━━━ Provided entries ━━━
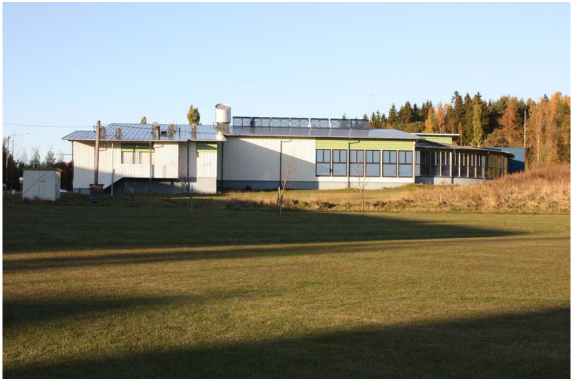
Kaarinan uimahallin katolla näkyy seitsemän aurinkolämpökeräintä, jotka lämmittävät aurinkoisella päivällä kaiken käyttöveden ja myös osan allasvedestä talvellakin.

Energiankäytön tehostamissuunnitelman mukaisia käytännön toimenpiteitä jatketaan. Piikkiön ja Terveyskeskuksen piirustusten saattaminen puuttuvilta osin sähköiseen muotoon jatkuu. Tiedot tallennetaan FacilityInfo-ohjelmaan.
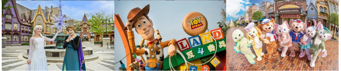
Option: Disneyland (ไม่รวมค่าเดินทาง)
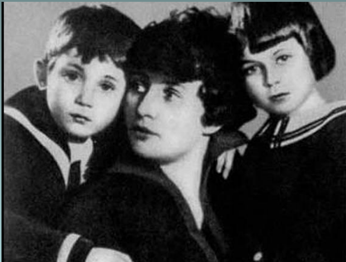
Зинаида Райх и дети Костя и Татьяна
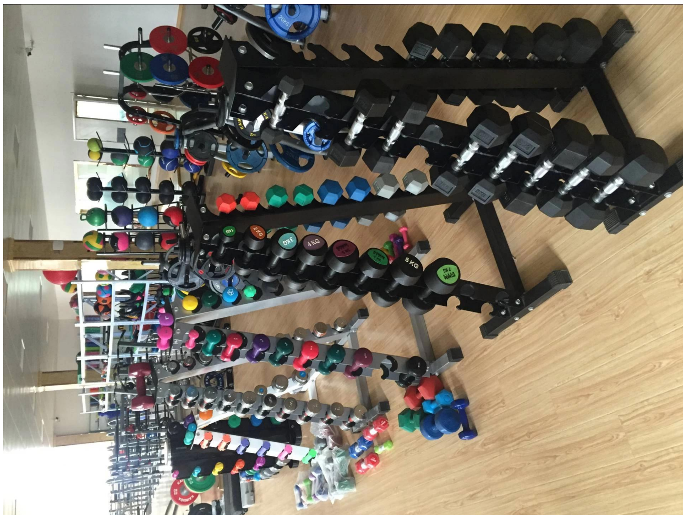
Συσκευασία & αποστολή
━━━
■ **Task instructions**:
A faithful copy is needed: reproduce all of the data above, leaving the pictures out.

■ **Output of the exercise**:
Kaarinan uimahallin katolla näkyy seitsemän aurinkolämpökeräintä, jotka lämmittävät aurinkoisella päivällä kaiken käyttöveden ja myös osan allasvedestä talvellakin.

Energiankäytön tehostamissuunnitelman mukaisia käytännön toimenpiteitä jatketaan. Piikkiön ja Terveyskeskuksen piirustusten saattaminen puuttuvilta osin sähköiseen muotoon jatkuu. Tiedot tallennetaan FacilityInfo-ohjelmaan.
Option: Disneyland (ไม่รวมค่าเดินทาง)
Зинаида Райх и дети Костя и Татьяна
Συσκευασία & αποστολή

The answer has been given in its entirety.